Building EventMQ: An Asynchronous Job Execution System
Welcome to the first in a series of blog posts from our awesome tech team. They're constantly working to take our product and customer experience to the next level. We hope you enjoy hearing about the process!
A lot happens when a person syncs their calendar to EventBoard: subscriptions are created, the calendar is synced, and push notifications are sent out – just to name a few. In order to keep up with the growth we're experiencing while keeping our API and website load times fast, we push most of the work to the background.
These jobs (subscriptions, calendar sync, push notifications) are critical. But they don't need to happen right now, while the user is waiting for a response in their browser. This is where running these jobs asynchronously comes in. We delay their execution by deferring them to a system that will ensure these jobs are eventually executed.
Testing and Researching Existing Solutions
We tested and researched other solutions in the same space, but found all of them were lacking in one way or another. Systems that were touted as being reliable were very fragile and needed constant babysitting, which nobody has time for, and systems touted as being simple achieved this at the cost of critical features we needed for the business.
Of the two we put into production, neither solution lent itself to debugging what was going on when something was wrong. For us, this was a cardinal rule that had been broken, as transparency is key.
Choosing a Message Queue
Tasked once more with replacing our production asynchronous execution system with something that gave us both a richer feature set as well as more visibility into the system and the jobs themselves, we set out to pick our final Message Queue (MQ).

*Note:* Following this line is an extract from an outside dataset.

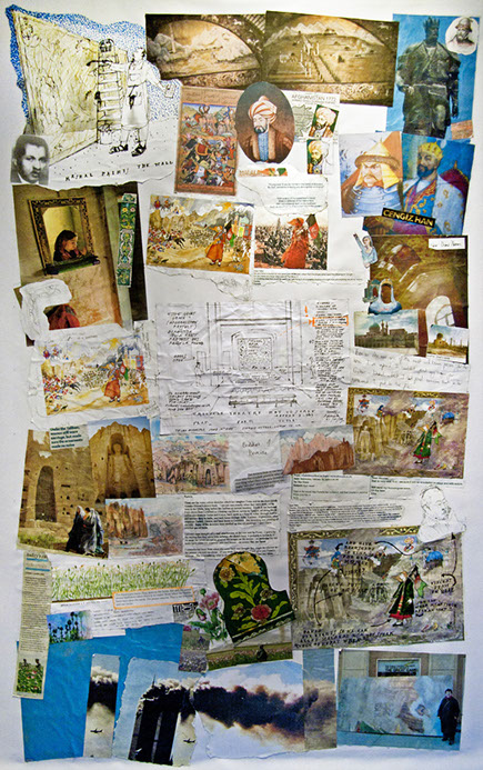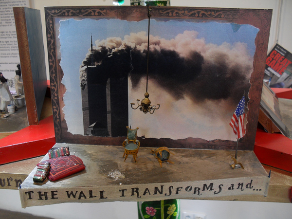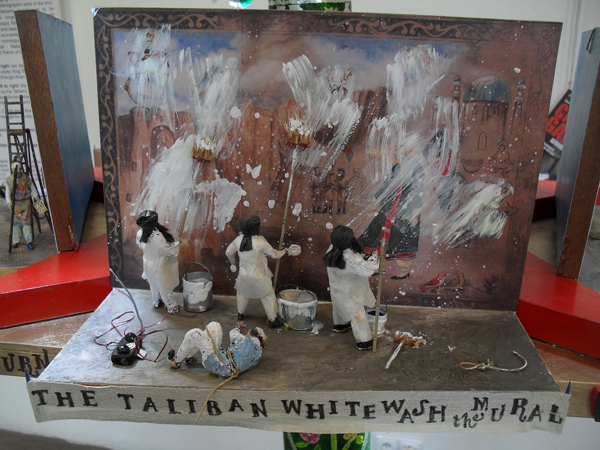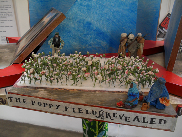 “The Story of the Wall” is an artefact taken from the Tricycle Theatre London’s highly successful production of The Great Game 2009/2010 and USA tour 2010/2011. It was conceived for the Society of British Theatre Designers exhibition in Cardiff in March 2011 to respond to the theme “Transformation and Revelation”. It shows how the principal scenographic element - a wall 5 metres high x 13 metres wide built on a simple hydraulic system transformed from an exterior wall to an Afghan Poppy field, following the content of the 12½ hour specially commissioned plays that made up The Great Game. The Carousel was inspired by a photo of an Afghan child in a destroyed landscape going to a fairground and playing with a miniature diorama. Each stage of the Wall is held between the points of a Red Soviet Star, which sits on top of a golden Pentagon. The viewer can turn the carousel. A central pole is painted in the Nuristani style and depicts the life cycle of the poppy, and the carousel stands on a base depicting an Afghan landscape as if seen from the air. It is entirely constructed out of found and discarded materials.

The more we researched, the more we saw that the MQs can be lumped into two categories:
- Monolithic and cumbersome
- Simple and bare bones
RabbitMQ, ActiveMQ and Kafka are huge. These "everything and the kitchen sink" MQs tended to have small teams of people at large companies managing them, with people posting from here to the last page of the internet asking for help getting them to cluster.
NATS, Amazon's SQS, ZeroMQ and Redis (our current "MQ") tended to only pass messages from A to B and needed supporting code to provide the features of their older cousins.

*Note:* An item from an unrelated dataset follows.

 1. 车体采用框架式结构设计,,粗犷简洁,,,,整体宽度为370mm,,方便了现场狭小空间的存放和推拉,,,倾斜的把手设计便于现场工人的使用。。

We ended up picking ZeroMQ. (If you haven't read the guide, you should. It's fantastic.) Our wish list wasn't that complicated, so writing our own solution wasn't too big of an undertaking, especially if our messaging patterns were wrapped up in a handy library (ZeroMQ).
EventMQ: How It Works
With that, we set out to create something that gave us reliability, a clear scaling path, and transparency. We named this solution EventMQ, a play on the product it was designed to support (EventBoard) and a comment on the programming paradigm it implements.

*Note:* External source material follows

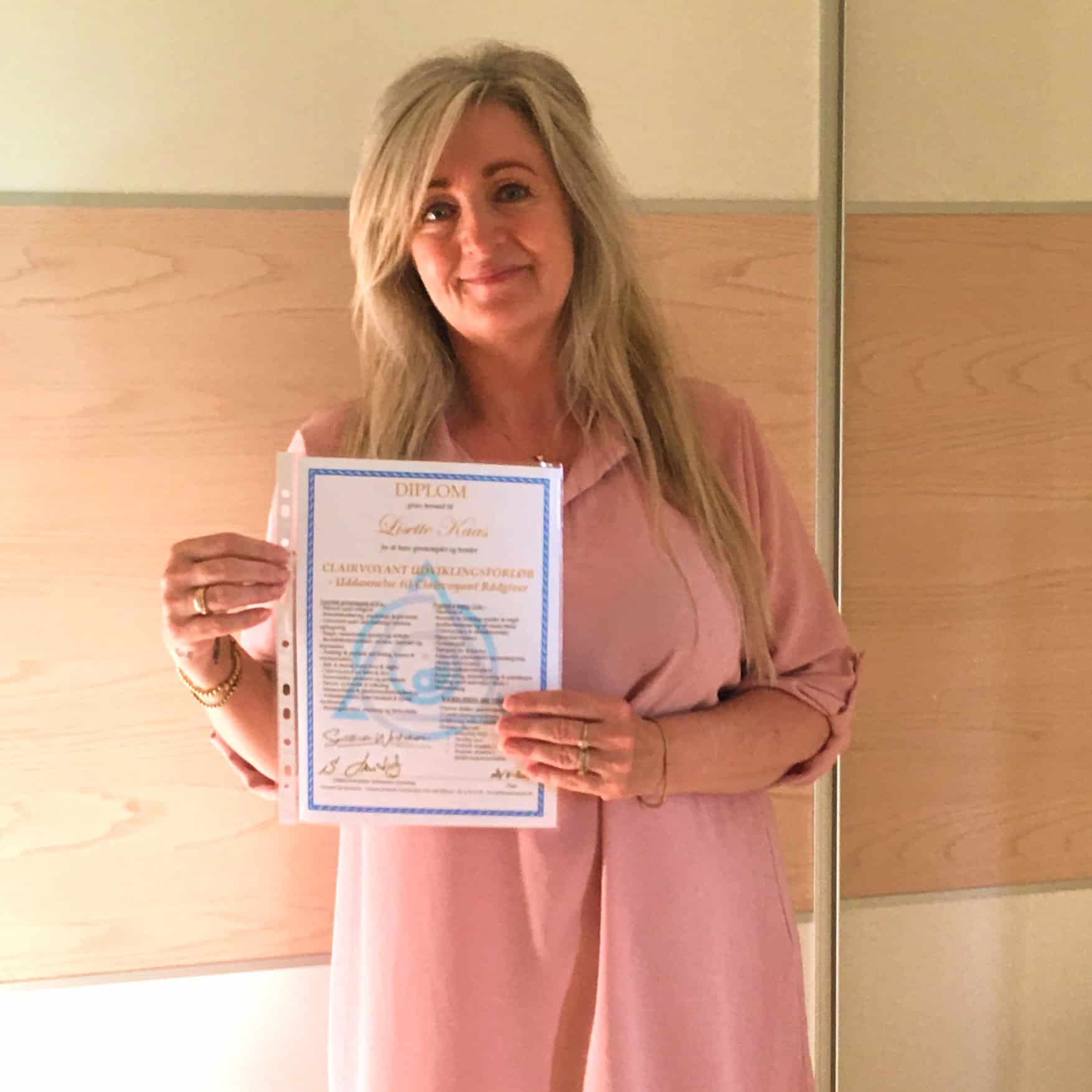 Da jeg startede som clairvoyant rådgiver, opdagede jeg, at jeg ofte fik afdøde kontakt. Jeg mærkede hvor smukt og kærligheds fyldt det var, at være kanal for de afdøde og klienten. Derfor besluttede jeg mig for at tage en Master i Medieskab hos Sebbastian Lorantius, for at blive så dygtig som muligt indenfor afdøde kontakt. At arbejde med afdøde kontakt, handler om høj etik, kærlighed og respekt for den åndelige verden og klientens sorg og savn, derfor følte jeg, at det var vigtigt at tage en særskilt master uddannelse indenfor medieskab.

EventMQ provides us with a simple solution for distributing any kind of task, scheduled or not, across as many servers needed.
Following the Unix philosophy, EventMQ is comprised of three "do one thing well" devices/daemons: router, scheduler and jobmanager. With these devices, we can take any method or function in our code and defer the execution to a worker.
Router – The router is what most messaging systems call the "broker." We chose to call it the router so it constantly reminds us that it needs to do very little aside from route messages. This keeps it fast and reliable.
Scheduler – The scheduler keeps a list of tasks to run at a specific time, then queues the jobs to be executed at that time.
Job Manager – The job manager is responsible for managing the jobs. Currently it only supports multi-processes on the same server, like a classic asynchronous job execution system. But with AWS Lambda becoming more popular you can expect another worker option in the future.
Based on the EventMQ Protocol spec, a client can pass a REQUEST or SCHEDULE command to a router. When the router gets these messages it forwards them either to a scheduler with capacity, or a job manager with capacity. If these messages cannot be delivered, then they are queued in memory and sent as soon as it can.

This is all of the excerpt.